◆ THE DATA ◆

+ + + + +

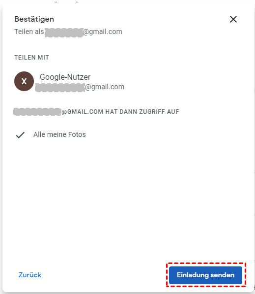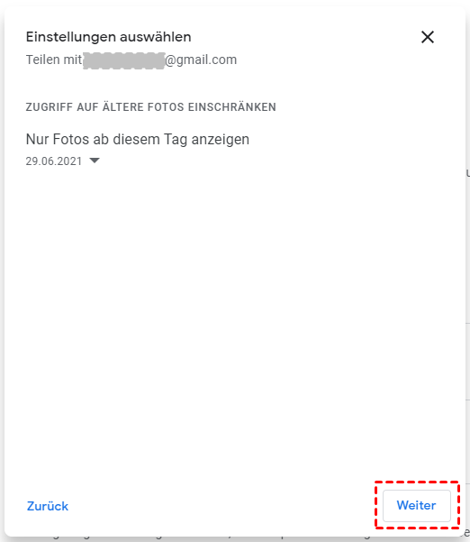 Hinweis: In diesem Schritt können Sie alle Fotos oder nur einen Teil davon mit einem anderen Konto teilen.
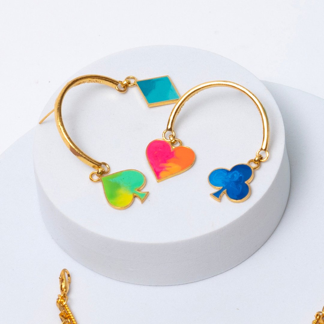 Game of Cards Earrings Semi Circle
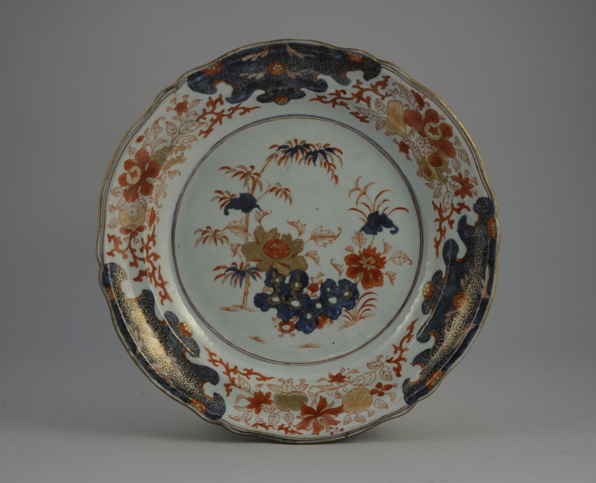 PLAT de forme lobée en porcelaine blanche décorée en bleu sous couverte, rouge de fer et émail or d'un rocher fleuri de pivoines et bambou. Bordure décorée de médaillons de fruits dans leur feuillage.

+ + + + +

◆ YOUR ASSIGNMENT ◆
Where pictures occur in the material above, omit them and return everything else exactly.

◆ WRITTEN RESPONSE ◆
 Hinweis: In diesem Schritt können Sie alle Fotos oder nur einen Teil davon mit einem anderen Konto teilen.
 Game of Cards Earrings Semi Circle
 PLAT de forme lobée en porcelaine blanche décorée en bleu sous couverte, rouge de fer et émail or d'un rocher fleuri de pivoines et bambou. Bordure décorée de médaillons de fruits dans leur feuillage.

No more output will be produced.